La cuarentena y el aislamiento obligatorio, han demostrado ser un instrumento eficiente para luchar contra el virus chino desde un comienzo y por un buen tiempo. Siempre se supo que sólo serviría para frenar la difusión de la pandemia y preparar al sistema para cuando los contagios hicieran eclosión y pusieran a prueba el sistema sanitario. Lo habremos escuchado mil veces.
Pues bien, ese estadío ya llegó, los casos han empezado a desbordar los cauces iniciales y nada parece poder detenerlos, como ocurre generalmente en este tipo de emergencias. Mientras tanto, un país llevado al límite de sus disponibilidades económicas y de paciencia ha empezado a saltar la valla e ir en pos del sustento.
La renovación de la vigencia de la fase 3 hasta el 31 de agosto es, como dicen los redactores de proyectos de ley, de mera forma. Se aceptan sus términos porque es lo políticamente correcto. Pero hemos llegado al punto en que aquella frase acuñada durante el periodo colonial en América, “se acata pero no se cumple”, empieza a tener
una rotunda vigencia.
¿Qué se le puede decir a la yuyera del Mercado 4, al frutero de calle Ultima o al del puesto de “asaditos” de República Argentina y Eusebio Ayala? ¿Qué espere hasta setiembre, que tenga paciencia que ya llegamos? Toda esa gente está cansada de depender de un subsidio que gotea a los sacudones, que no alcanza para nada, y que no restaura la dignidad atropellada de esa mujer o ese hombre acostumbrados a llevar el pan a su mesa sin depender de dádivas ni generosidades estatales?
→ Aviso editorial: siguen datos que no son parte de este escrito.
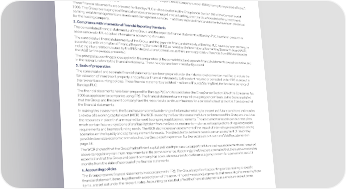 Strategic Shareholder Climate and Risk Financial Financial Barclays PLC 424 report information sustainability report Governance review review statements Annual Report 2022 Notes to the financial statements For the year ended 31 December 2022 This section describes the Group’s significant policies and critical accounting estimates that relate to the financial statements and notes as a whole. If an accounting policy or a critical accounting estimate relates to a particular note, the accounting policy and/or critical accounting estimate is contained with the relevant note. 1 Significant accounting policies 1. Reporting entity Barclays PLC is a public company limited by shares registered in England under company number 48839, having its registered office at 1 Churchill Place, London, E14 5HP. These financial statements are prepared for Barclays PLC and its subsidiaries (the Group) under Section 399 of the Companies Act 2006. The Group is a major global financial services provider engaged in retail banking, credit cards, wholesale banking, investment banking, wealth management and investment management services. In addition, separate financial statements have been presented for the holding company. 2. Compliance with International Financial Reporting Standards The consolidated financial statements of the Group, and the separate financial statements of Barclays PLC, have been prepared in accordance with UK-adopted international accounting standards. The consolidated financial statements of the Group, and the separate financial statements of Barclays PLC, have also been prepared in accordance with International Financial Reporting Standards (IFRS) as issued by the International Accounting Standards Board (IASB), including interpretations issued by the IFRS Interpretations Committee, as there are no applicable differences from IFRS as issued by the IASB for the periods presented. The principal accounting policies applied in the preparation of the consolidated and separate financial statements are set out below, and in the relevant notes to the financial statements. These policies have been consistently applied. 3. Basis of preparation The consolidated and separate financial statements have been prepared under the historical cost convention modified to include the fair valuation of investment property, and particular financial instruments, to the extent required or permitted under IFRS as set out in the relevant accounting policies. These financial statements are stated in millions of Pounds Sterling (£m), the functional currency of Barclays PLC. The financial statements have been prepared for Barclays PLC and its subsidiaries (the Group) under Section 399 of the Companies Act 2006 as applicable to companies using IFRS. The financial statements are prepared on a going concern basis, as the Board is satisfied that the Group and the parent company have the resources to continue in business for a period of at least 12 months from approval of the financial statements. In making this assessment, the Board has considered a wide range of information relating to present and future conditions and includes a review of a working capital report (WCR). The WCR is used by the Board to assess the future performance of the Group and that it has the resources in place that are required to meet its ongoing regulatory requirements. The assessment is based upon business plans which contain future projections of profitability taken from the Group’s medium-term plan as well as projections of regulatory capital requirements and business funding needs. The WCR also includes an assessment of the impact of internally generated stress testing scenarios on the liquidity and capital requirement forecasts. The stress tests used were based upon an assessment of reasonably possible downside economic scenarios that the Group could experience. Further details are set out in the Viability statement on page 58. The WCR showed that the Group had sufficient capital and liquidity in place to support its future business requirements and remained above its regulatory minimum requirements in the stress scenarios. Accordingly, the Directors concluded that there was a reasonable expectation that the Group and parent company has adequate resources to continue as a going concern for a period of at least 12 months from the date of approval of the financial statements. 4. Accounting policies The Group prepares financial statements in accordance with IFRS. The Group’s significant accounting policies relating to specific financial statement items, together with a description of the accounting estimates and judgements that were critical to preparing those items, are set out under the relevant notes. Accounting policies that affect the financial statements as a whole are set out below. (i) Consolidation The Group applies IFRS 10 Consolidated financial statements. The consolidated financial statements combine the financial statements of Barclays PLC and all its subsidiaries. Subsidiaries are entities over which Barclays PLC has control. The Group has control over another entity when the Group has all of the following: 1)power over the relevant activities of the investee, for example through voting or other rights 2)exposure to, or rights to, variable returns from its involvement with the investee, and 3)the ability to affect those returns through its power over the investee. The assessment of control is based on the consideration of all facts and circumstances. The Group reassesses whether it controls an investee if facts and circumstances indicate that there are changes to one or more of the three elements of control. Intra-group transactions and balances are eliminated on consolidation. Consistent accounting policies are used throughout the Group for the purposes of the consolidation. Changes in ownership interests in subsidiaries are accounted for as equity transactions if they occur after control has already been obtained and they do not
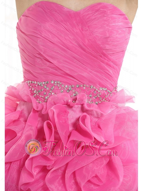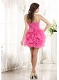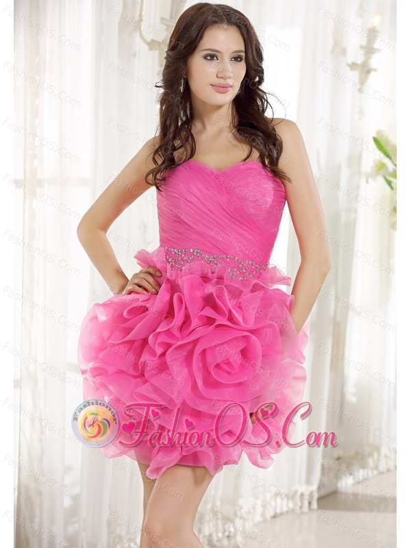 Home >  Special Occasion Dresses >  Cocktail Dresses > Beaded Decorate Waist Ruch Hand Made Flower Organza Hot Pink Mini-length 2013 Prom / Homecoming Dress
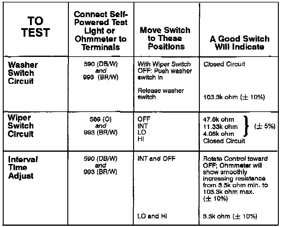 Multi-Function Switch - Schematic - Wiper Portion Of Multi-Function Switch:
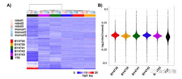 对定量数据进行聚类分析,相同的yeast strain聚在一起,不同样本制备方式不会造成定量结果的差异。
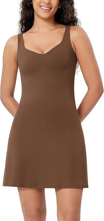 Women's Cloud Feeling Tank Dress with Separate Shorts and Built in Bra U Back Mini Tennis Dress
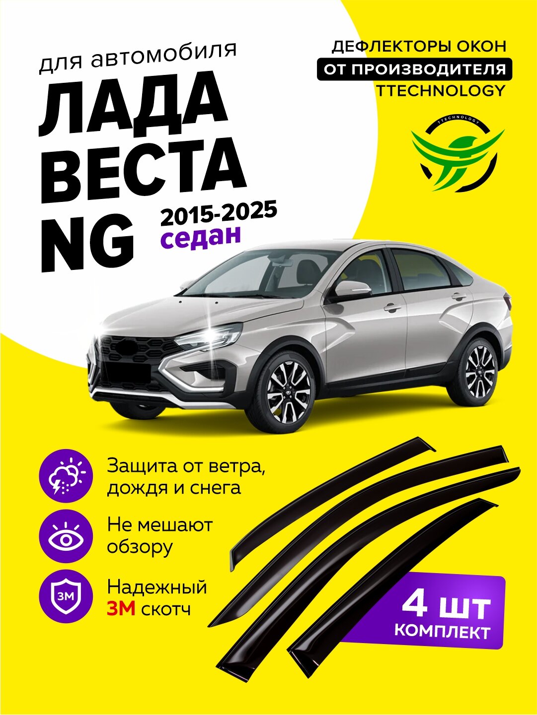 Дефлекторы боковых окон для Лада Веста седан (Lada Vesta) 2015-2024, 2025 (NG, НГ) ветровики на двери автомобиля, ТТ: сравнение цен, характеристики, фото, актуальное наличие и цены.
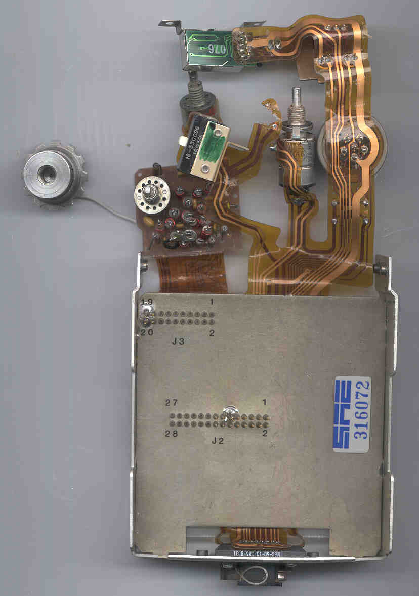 The SPKR/MIC can be left in the panel, or to remove it, take off the 4 screws that are normally visible and the Aluminum plate behind the grill then lift it out.The ANT switch is mounted on a board that contains the antenna matching circuitry that is mostly composed of inductors and capacitors. The flex circuit traces from this matching circuit go to the J3 connector. A white wire from this board goes to the ANT connector.
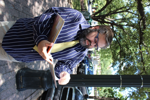 A man in a striped blue shirt and yellow tie is reading from a book on the cobbled sidewalk.
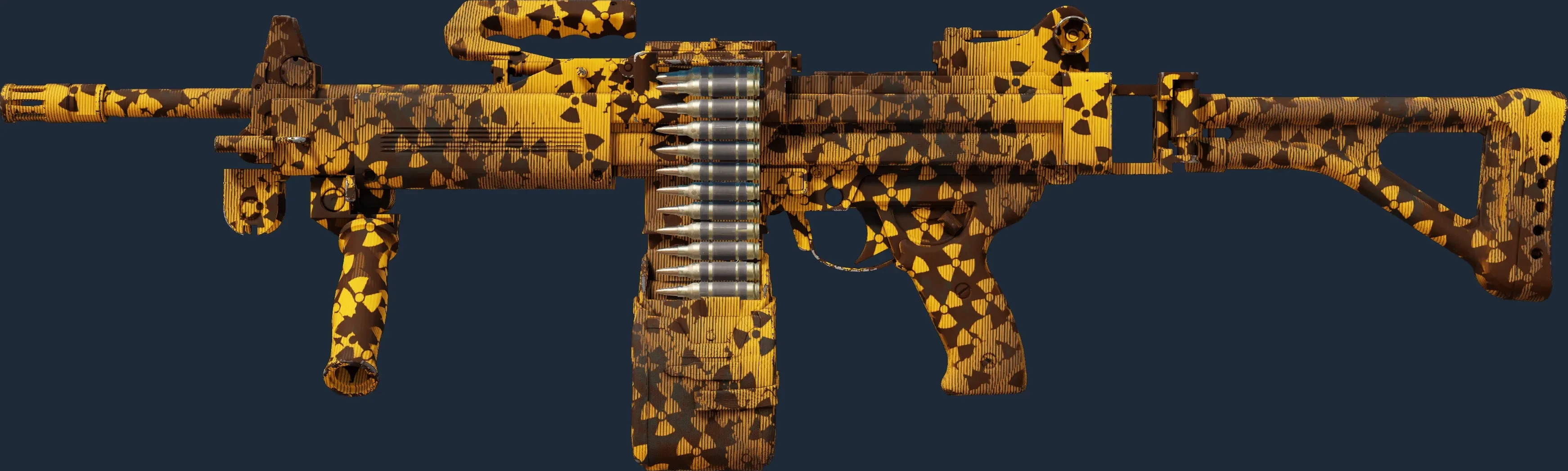 The Negev | Nuclear Waste is one of 49 other Machinegun skins. The rarity of the skin is Industrial Grade, which makes the Nuclear Waste a rather common occurrence in the game.
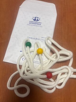 Cuerda de entrenamiento visual de 3 metros de longitud, utilizada en optometría. - Incluye tres cuentas de colores (verde, amarillo y rojo). - Material de entrenamiento visual. -Sin estrenar
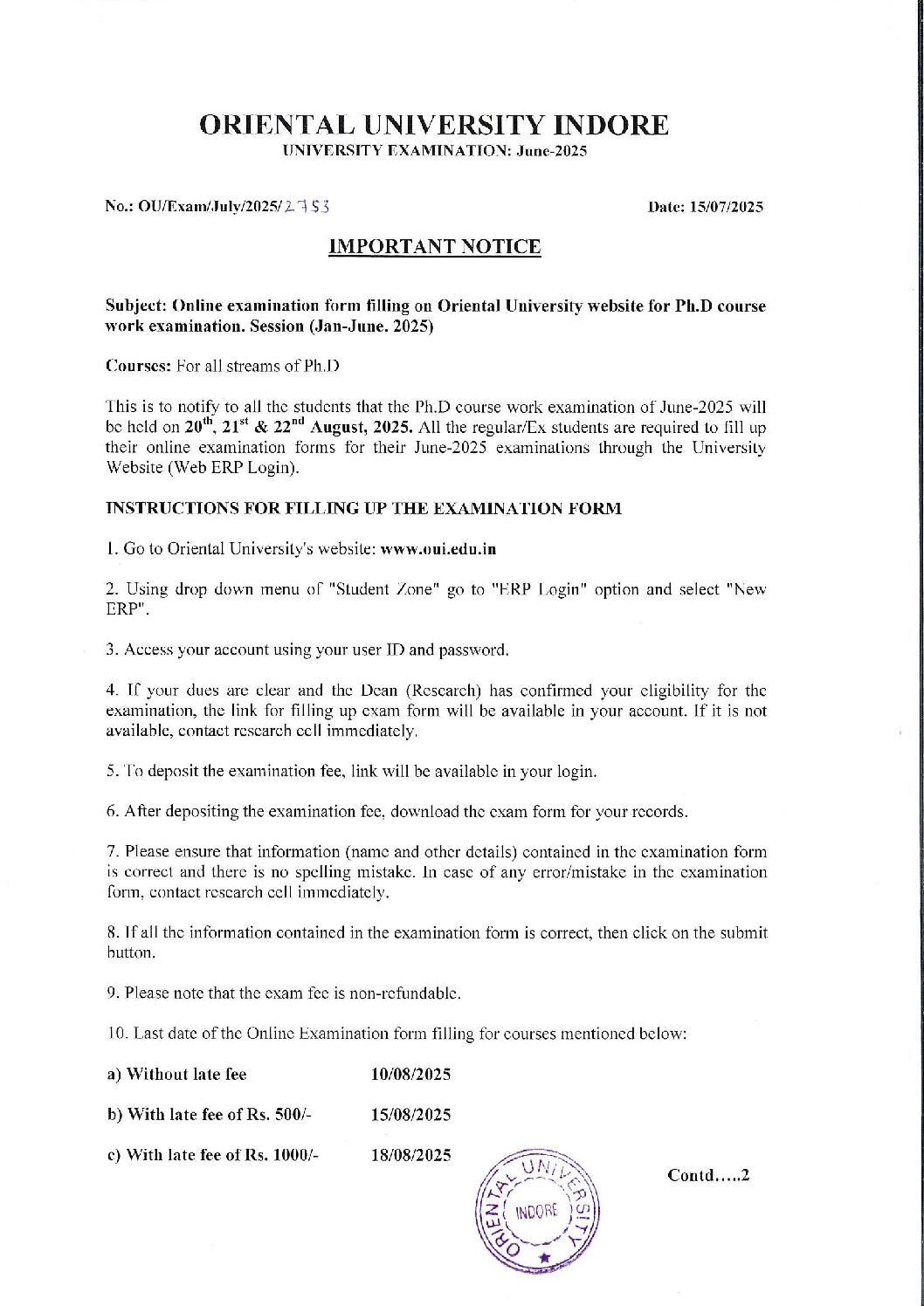 16 Jul2025 Ph.D. Course Work Examination Notification—August 2025ByAdminExam Notice, Exam Time Table, Ph. D.(0) CommentClick here
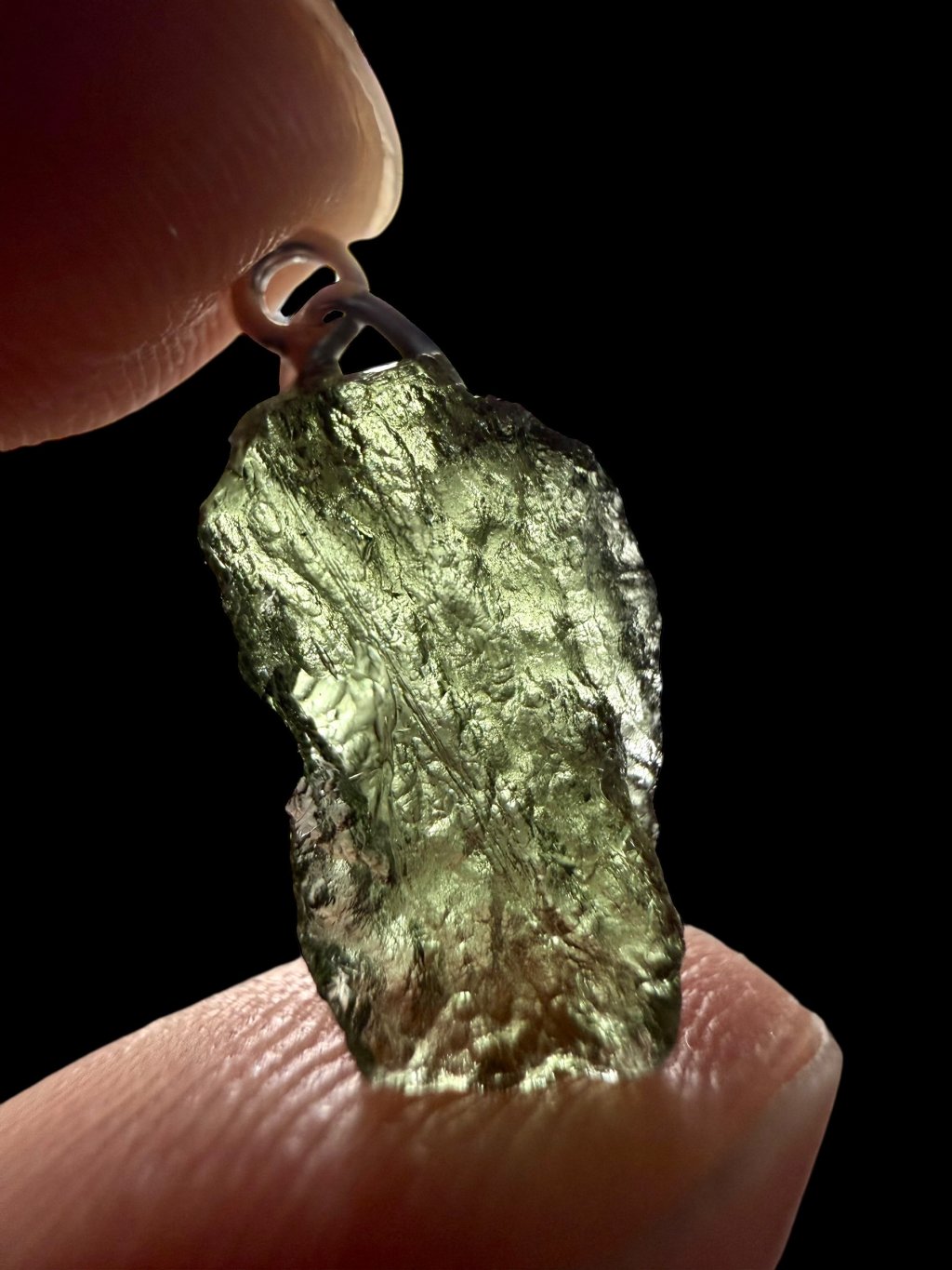 Hinweis: Der Anhänger wurde aus einem beschädigten Moldavit gefertigt und ist dadurch preislich günstiger.
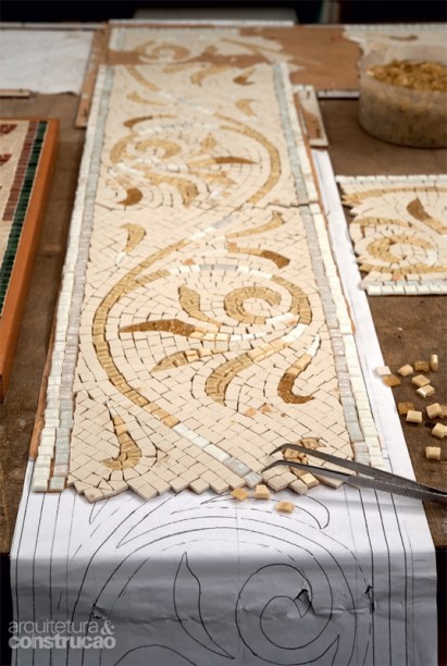 Como tudo o que as pessoas produzem de melhor, o mosaico sobrevive com dignidade ao passar do tempo. Aqui e ali, a técnica, famosa pelos exemplares gregos e bizantinos, recebe toques de novidade, mas, no fim das contas, escapa ilesa dos modismos (quem não se lembra da febre dos anos 90?). Artistas e arquitetos modernos inovaram ao trocarem a linguagem clássica por motivos abstratos, geométricos e gráficos, realizados com cacos cerâmicos e pastilhas industrializadas. Mais recentemente, seixos, metal e plástico, entre outros materiais, começaram a fgurar nas composições. Na esfera doméstica, uma boa amostra aparece na produção atual da paulistana Bartira Velludo. Os móveis, objetos e painéis sob encomenda que saem de seu ateliê refletem as melhores qualidades do método, perfeito para dialogar com a arquitetura. Veja mais: www.estudiodemosaicos.com.br.
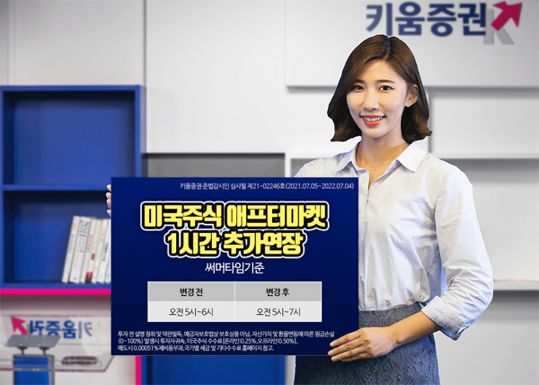 키움증권 관계자는 “고객님들의 매매 기회를 확대하기 위해 애프터마켓 거래시간을 1시간 추가 연장했다”며 “다만 애프터마켓은 정규장 대비 거래량이 적고 시장조성자가 없기 때문에 적은 거래량에도 주가 변동 등락폭이 커질 수 있어 주의해야 한다”고 말했다.

El trabajo genuino no tiene sustituto. Y las privaciones, el hambre y la vergüenza de tener que cruzarse de brazos obligatoriamente es una humillación que la gente decente enfrenta hasta que siente que ya basta, y que es hora de afrontar la realidad y los peligros que de ella deriven.
La gente sencilla, sin jubilación, sin seguro médico, sin salario fijo ni la miríada de privilegios inmerecidos que se auto regala el funcionariado público, siente que es tan peligroso enfrentar el virus como quedarse en casa sin hacer nada, expuestos a la miseria y a la dependencia de erráticas
dádivas oficiales.
La mayoría abrumadora de la gente que hoy sale a las calles no pide que le regalen nada, solo que la dejen trabajar.
La cuarentena ya no tiene sentido cuando las cartas están echadas.